The tasks in the pipeline can be as follows:




Replacement Video/s Selection: Select a second video/s with a face or faces to swap with.



Source and Replacement Face and Facial Landmarks Detection: Detect faces and facial landmarks in the source and replacement videos. (For track 1, you need to do this using an extension of the CNN you implemented in Project 4 Part B.) For Track 2, you are allowed to use open source implementations (including more complex CNNs) for this.



Feature Extraction: For the mandatory task, since the emotion of the replacement face shouldn’t seep through to the source face, the features you use to control the warp should just be the ones along the convex hull of the face. However, to control the warp better, you could use other features within the face as long as they don’t change the emotions of the source face.



Once you are done with this mandatory task, you can replace the faces in any manner of your choosing. You can use Haar-like features, Harris Corners, Histogram of Gradients, Shape-Context features, SIFT features, etc. You can refer to open-source libraries for more features.




Face Swapping: For each frame, compute appropriate image transforms that warps the replacement face to the source face and vice-versa. Apply these transforms to both the faces. You may have to compute the convex hull of the source face and the replacement face while swapping the faces.



Video Refinement (Optional for Track 1): Make the face swapping seem natural. Use Gradient Domain Blending or any other technique that makes the swapped faces look real with their new bodies. Compensate for exposure, lighting and shadows, poses, skin tone, etc. Incorporate optical flow techniques to robustly track faces.



Video to video replacement Keep in mind that this is a video to video face replacement. The two videos may have the same number of frames or they may not. You should account for this while performing the replacement.

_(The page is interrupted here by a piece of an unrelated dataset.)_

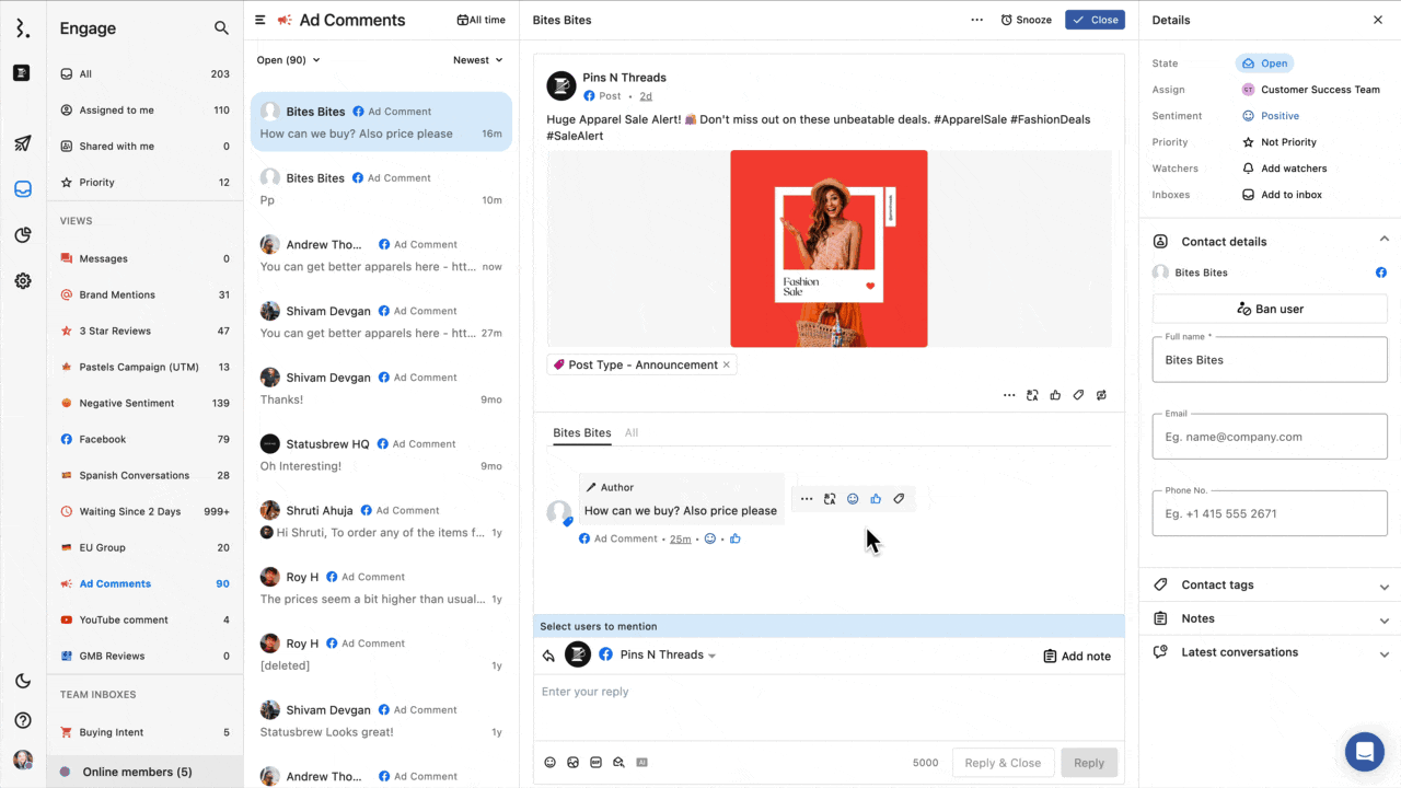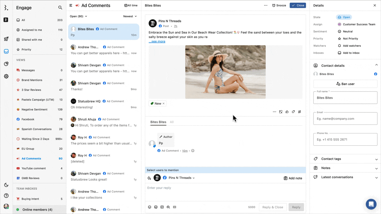 Facebookの広告コメントへの返信は、顧客エンゲージメントの維持、そして問い合わせ対応のために大切な要素です。Statusbrewではエンゲージ機能によって、中央にある1つのプラットフォームから、複数のFacebook広告アカウントを管理し、返信することが可能です。

Spiffify: Eternal glory (extra-credit) will be awarded to teams that implement cool and creative features apart from the ones mentioned above. You can also attempt face swapping within a single video. For an example of the manda-tory task done on a single video, see this video. Having your code run close to real time will be another way to earn a lot of extra credit!



You are by no means constrained to the example we have shown. This is the last project of the course and is very open-ended, so go crazy and have fun!




1.4 Scoring




You can use the dataset provided for Project 4 Part A to develop and test your code. Four days before the project presentation i.e. 12/14/17, we will release test videos of varying difficulty levels and your code is expected to work on those. You will be graded based on the results of your test videos. Tweaking your code to work with the test set should be trivial and we believe that four days should allow you do that.




To receive full credit, your code must perform well on the easy videos in the test set.



Robustly swapping faces in the medium and hard datasets will receive proportionate extra-credit.



And of course, as mentioned earlier, extra-credits for cool and creative features.



NOTE: Your submission is due on 12/20/17 at 11:59 PM. This is a hard deadline and no submissions will be accepted after this deadline. We have allotted these extra days for creating the .pdf report of the project and compiling your deliverable for the project.The final presentation date will be announced shortly.




1.5 Putting Things Together




This is the last project for this course and by now, you already have most of the modules required to put this project together. Make use of the computational resources available to you in the form of multiple people and their respective laptops and desktops. Please do share the load, experiment with different methods and see what works best. The end goal is to create funny and creative face-swapped videos. Hope you guys have fun!